There’s actually a market for these! People take old books and do horrible things to them – bury them in the garden for a week, etc. – to make them suitable for props as pseudo-Lovecraftian tomes. If I found a box of books that had been in the rain, I know somebody who wants them.
If you read a book before giving it to someone, most times you’re thinking about yourself. That you’d get enjoyment out of this ‘gift’ yourself. Sure there are some exceptions, but mostly it seems to cheap and self serving.
Why would he? They aren’t important friends, so in what way do they rate a gift at all, especially one as personal as a book? Among book lovers, books are often gifted specifically because of that knowledge of the other person’s likes.
Are you saying that it isn’t possible to buy a book as a gift for a friend that will fit their tastes without reading it first?
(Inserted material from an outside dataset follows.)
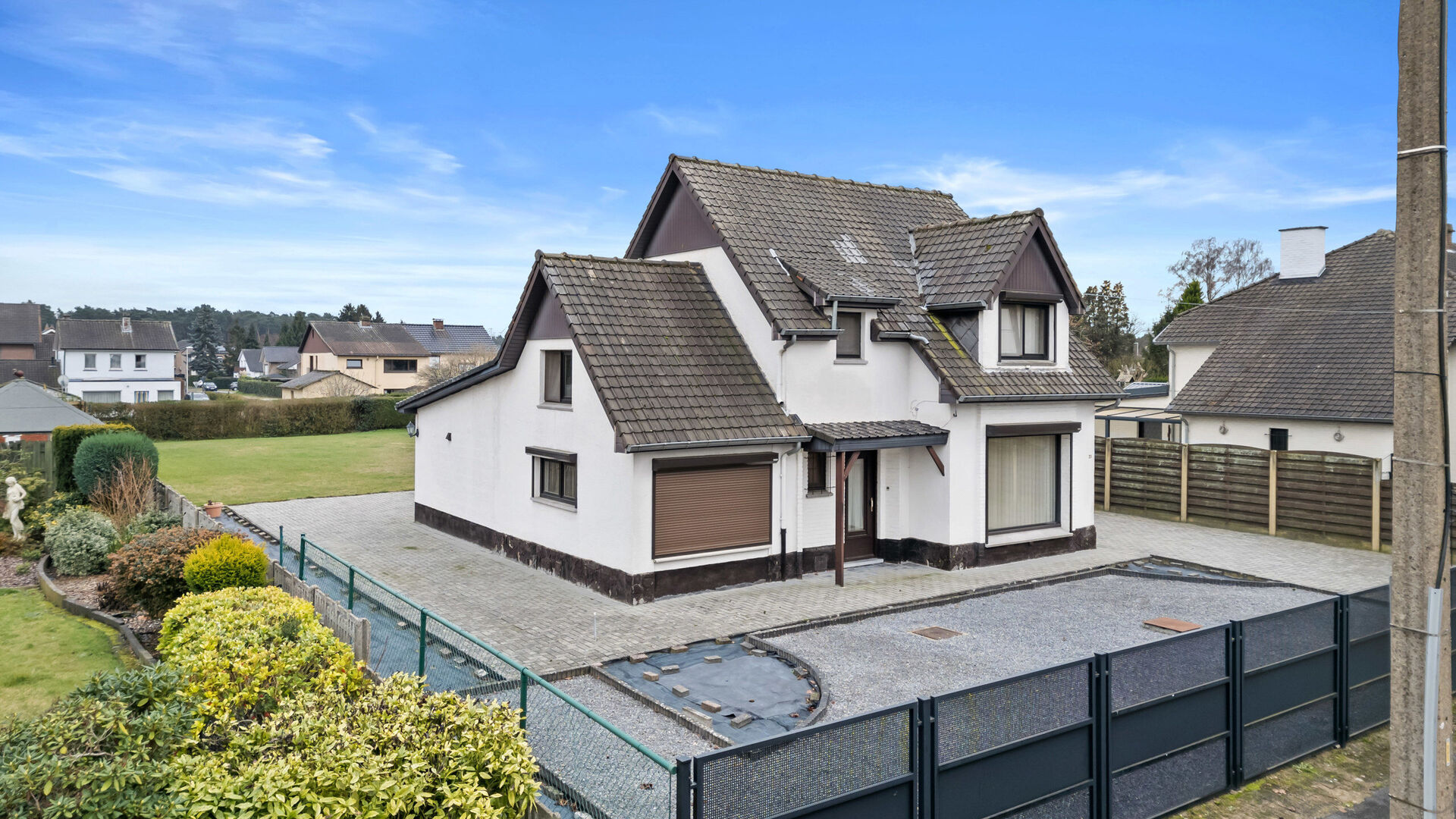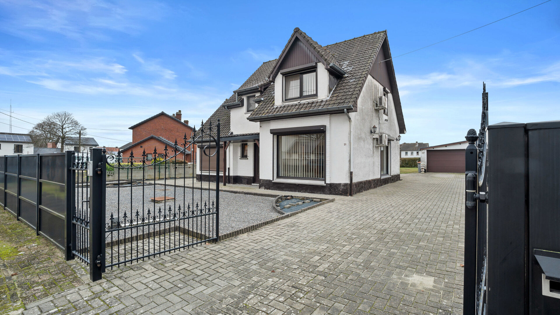 Op een rustige en aangename locatie in Maasmechelen, ter hoogte van Koninklijkestraat 21, bevindt zich deze open bebouwing op een uitzonderlijk ruim perceel van 10 are, bereikbaar via een elektrische poort. Dit zorgt voor extra privacy, veiligheid en comfort.
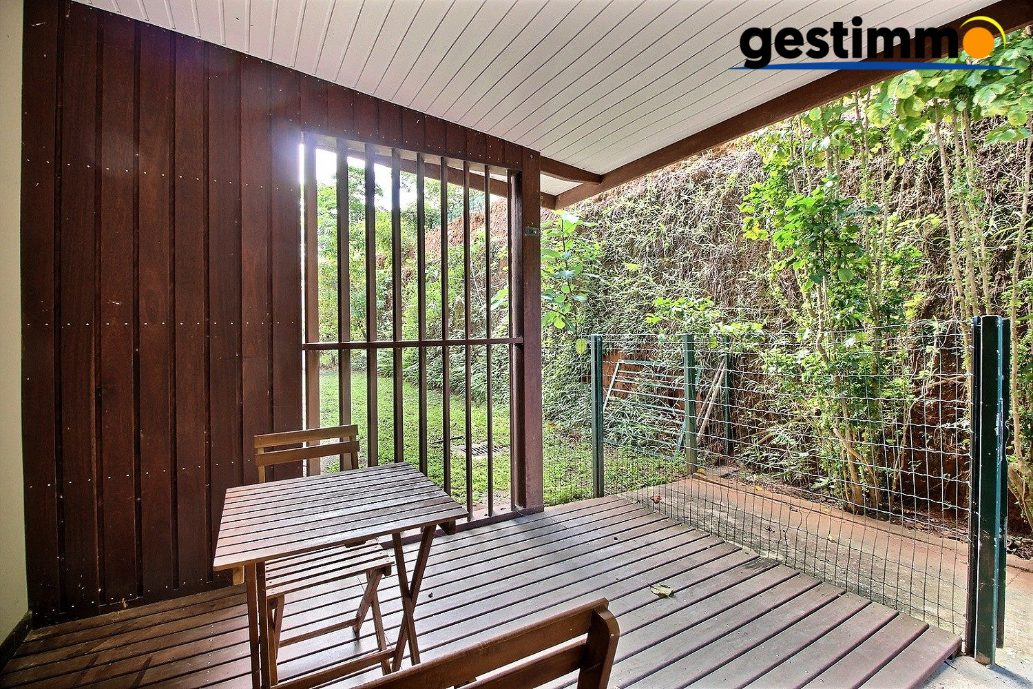 Un studio situé au rez-de-chaussée avec jardinet privatif et comprenant une pièce principale climatisée avec un coin cuisine aménagé et équipé avec une plaque électrique et une hotte, une salle d'eau avec WC et une varangue

IMHO, book lovers are quite capable of picking books for friends based on their likes without pre-reading first. I’m trying to imagine how pre-reading would even help in this situation. I would buy a book as a gift if I knew that my friend was a fan of the genre, or author, or if I knew they specifically wanted a particular book (and then include a gift receipt so they can return/exchange it if it turns out they already read it). Say hypothetically I go into a store and pick out a book that I’m pretty sure my friend would enjoy. And then I read it myself. And I enjoy it (or not). But individual tastes can be idiosyncratic - maybe my friend would have a different opinion than me. So I fail to see how pre-reading would aid in the decision whether or not to give the book.
I know that earlier in the thread some people gave the analogy of giving used clothing, or wearing clothing first before giving the gift. When downsizing my closet and giving away gently used clothing, I usually see if some of my friends or family would like any of the items before I give the rest to charity. But there’s no way that I would go through my closet and pick out something to give as a gift for a special occasion. I would also never say, buy a nice sweater, wear it myself to a few Christmas parties, and then wrap it up and give it to my mother as a Christmas present.
Similarly, I would say that I am generally anti- pre-reading when it comes to special occasion gifts (rare first editions and heirlooms/books with special sentimental value excepted). I’ll give or lend my used books to any friends or family who might like them, but I wouldn’t give them as a special present. The only exception I can think of would be if it resulted in giving a much bigger gift than I otherwise would have given. Like maybe a friend is just starting to read an author who has written a long series of books that I’ve already read and don’t want to keep. Instead of buying a new copy of the first book in the series, I might give them my used copies of the whole series, if I was sure they wouldn’t mind. I think this also avoids the whole “cheapskate” vibe of giving used books.
And I don’t know about you and your friendships, but I have lots of friends that I’ve given the gift of a book, and received books from, and thinking about it now I really don’t know how they would be pro- or anti- “pre-reading”. And I think that if you aren’t 100% sure how a particular friend would respond, then the most courteous thing to do is not pre-read.